Task Description

As an Razorthink Platform User or Admin, you want to access Amazon S3(Simple Storage Service) drive for storing and retrieving data. A preconfigured data source can be accessed from a Jupyter notebook and blocks code.

Roles for performing this task

User, Admin

Task Steps

Configure Credentials

  • Log in to Razorthink Platform as a User or Admin. Click the Settings icon
    on the bottom left corner.

  • Click on Data Source Credentials.  The list of all configured datasources are displayed. Click the Add Data Source Credential icon

  • The Add New Configuration dialogue box is displayed. Select S3  from the  Configuration dropdown. Enter the data source name, access key, and secret key in the appropriate fields and click on the Create button.
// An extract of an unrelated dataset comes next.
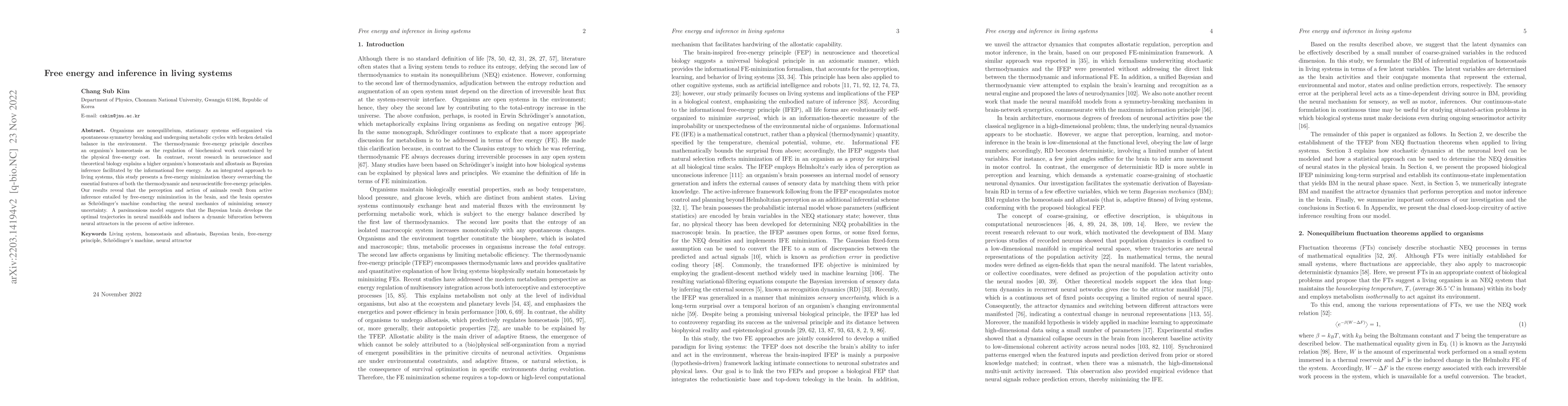 The study applies the free energy principle (FEP) to living systems, integrating thermodynamic and Bayesian perspectives to describe an organism's homeostasis and allostasis as Bayesian inference facilitated by the informational free energy. A free-energy minimization theory is proposed to overarch essential features of both thermodynamic and neuroscientific FEPs.

  • The datasource credential configuration is saved and can be used to create a datasource inside a project

A screenshot of a computer screen

Description automatically generated

 Create Datasource

  • Open the project in which you want to add the datasource and click on data icon . List of all configured data sources are displayed. Click on Add Datasource icon

  • In the Add New Datasource dialogue box, select type as S3. Enter all other details and click on ADD button

  • The data source gets created and can be accessed from Jupyter notebook and block code

Using the connected Datasource

  • Open a Pipeline in the Pipeline Builder, and add the Blocks called 'S3CSVReader'. The Block inputs are:
    1. 'data_source_name' - the name of data source you just created
    2. 'bucket_name' - bucket name you are using in S3
    3. 'data_path' - path to your CSV file in that bucket

The Block in the Pipeline canvas will look something like this:

That's all you need to do to use a file from S3! Now you can just go ahead and run the Pipeline with your other Blocks.